A terrifying tsunami could kill hundreds of thousands of people in Iraq if the Mosul Dam suffered a "catastrophic" breach. The United States government warned there would be "severe loss of life, mass population displacement, and destruction of the majority of the infrastructure" if a wave "tens of feet high" was unleashed.
It has been under the control of Kurdish and Iraqi forces since August 2014 after US airstrikes helped seize the dam back off IS (Daesh), which assumed control earlier that month. It was feared the terror group would either cut off Mosul's supply to resources or destroy the structure to submerge residents.
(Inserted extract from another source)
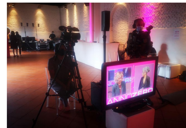
◆ Main Studio Forum Sistema Salute, UoI Firenze
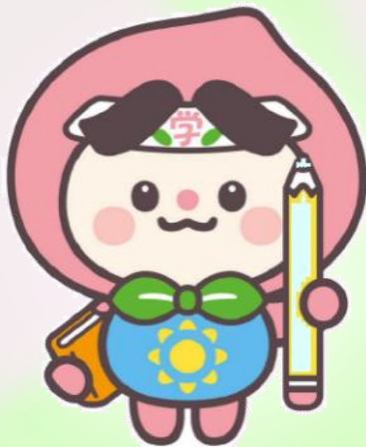
岡山県生涯学習センター キャラクター「ももらん♪」

"A catastrophic breach of Iraq's Mosul Dam would result in severe loss of life, mass population displacement, and destruction of the majority of the infrastructure within the path of the projected floodwave," a US government fact sheet said.
If the structure were to be destroyed, the wave would hurtle down the Tigris River toward Mosul before flooding major cities farther downstream, including the capital Baghdad. Iraqi Prime Minister Haider al-Abadi said there was no imminent threat to the dam but stressed people living near the Tigris River move to higher ground, at least 3.7m away from the river.
According to the United States, approximately 500,000 to 1.47 million people live along the Tigris in areas at highest risk and would probably not survive the impact of the projected flood wave unless they evacuated. "Proper preparation could save many lives," the embassy said.
The 3.2km-long dam – which was previously known as Saddam Dam – holds back as much as 12.5m cubic meters of water and is the largest in Iraq. Opened in 1984, it measures 113m tall and provides electricity to the 1.7 million residents of Mosul.
It will shortly undergo redevelopment funded by the World Bank with maintenance already under way.